Avoid using the jailed /etc/passwd file
...particularly for name to UID mapping used to determine the runtime user ID of the daemon. The mapping involves scanning the passwd file for the given name (say, named) and finding the user ID associated with it. If the bad guy somehow manages to compromise the jailed passwd file, it's possible that the UID for the runtime user could be changed to zero, which is root. This will take effect the next time the daemon restarts.
The bad guy shouldn't be able to compromise this file in the first place, because it should not be writable by the running user, but it's not out of the question that the daemon could somehow retain a writable file descriptor that the buffer overflow could use to modify the file: we believe we have seen this happen before. As is so common, a bug in one area of the system can have surprising impacts on security.
Close file descriptors aggressively before chrooting
We don't wish to leave handles open to non-jailed resources because these can all be exploited by those living inside the jail. Some file descriptors are required (say, to the syslog daemon), but developers should make a point to close anything that is not strictly required.

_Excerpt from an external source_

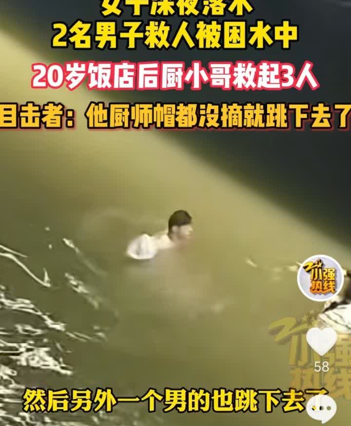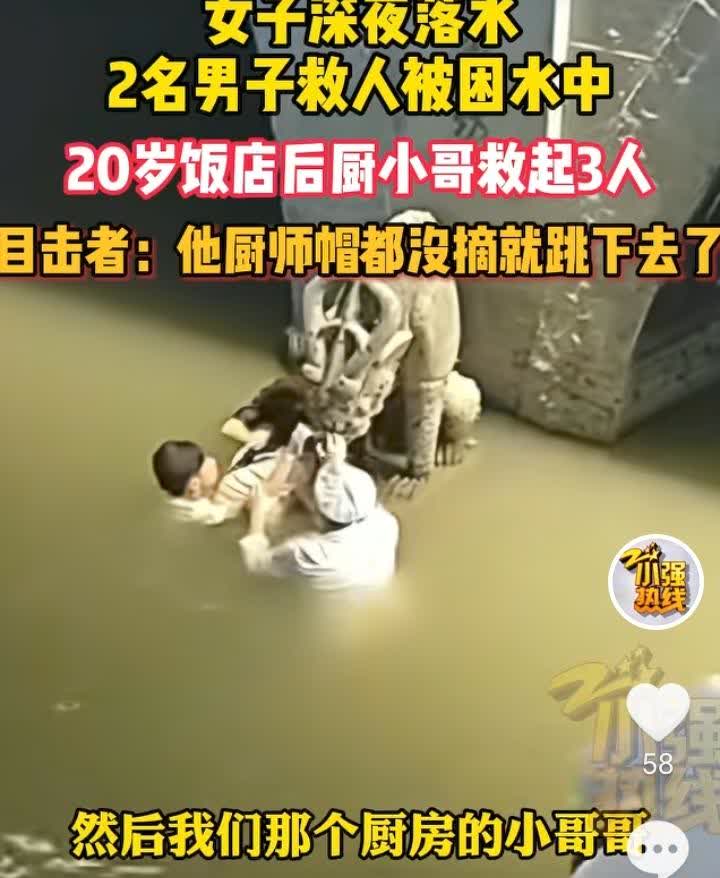 浙江湖州,据目击者称,深夜河里有女子呼喊声,一名疑似女子男朋友,一名女子弟弟,两人跳下水本想救人,结果两人因不懂水性也被困水中,河边饭店一位正在后厨干活的小哥发现后,没来及脱衣服摘帽子就立马跳进河里,把三人拖到桥柱下救了上来。 虽然没有说女子为何落水,但是他男朋友和她弟弟两人也是够添乱的,在危及到生命安全的时候就不能意气用事,自己都不会游泳这不是妥妥的跳下去“送人头”。 发生这种情况,在不会游泳的情况下应该及时呼救,寻求路人帮助然后拨打报警电话。 可能也是几人命不该绝,饭店厨师见义勇为,勇敢跳水救了几人,救命之恩希望几人能好好感谢这位救命恩人,不能让好心人寒了心。对此,大家觉得呢?

Update 7/2013: a great resource for this can be found here. (tip o' the hat to Tim Kuijsten for this)
Link config files from the outside
Some systems (such as BIND) share the configuration file between the jailed daemon and other utilities that are run from user mode. In this case, the config file simply must live inside the jail so that the daemon can access it, but the other utils from user mode still need to access this file. Rather than rebuild these utilities to use the special path (say, /chroot/named/etc/named.conf), instead go to the "regular" place for this file and create a symbolic link from the outside to the inside of the jail:
# ln -s /chroot/named/etc/named.conf /etc/named.conf
This allows most of the tools to operate "normally", though one has to be a little more careful that users editing /etc/named.conf realize that they're affecting a jailed system.
This doesn't go the "other" direction, though it's not always obvious at first. Symbolic links from inside the jail to the outside will work for the administrator but will not work for the system running inside the jail.

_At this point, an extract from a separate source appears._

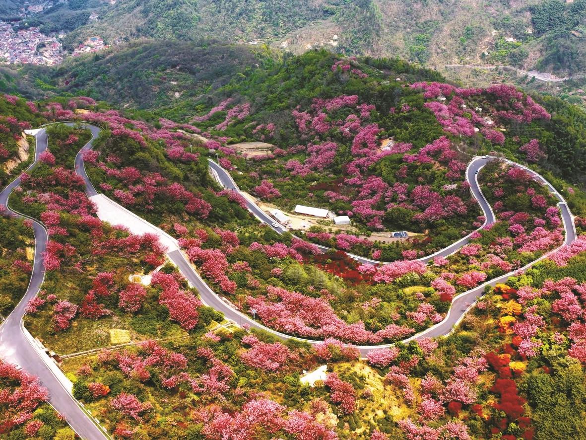 车辆行驶在起伏蜿蜒的柏油路上,每转过一道弯,车窗前便展开一幅新的花海画卷。不同于人挤人的网红打卡地,这里的樱花沿路自然生长,与原始山林融为一体,真正实现“车在花中行、人在画中游”。

Update environment variables to reflect the new root
Once in the jail, some environment variables might need to be updated to reflect the new jail-ness of the application. In particular, many shells maintain a $PWD variable reflecting the current working directory, and the getcwd(3) library function consults it as an optimization step.
Calling putenv("PWD=/") after the successful chrooting synchronizes this variable with the new directory.
Other environment variables might need to be altered (or removed) depending on how much it matters that environment leakage from the non-jailed environment might impact the jailed one.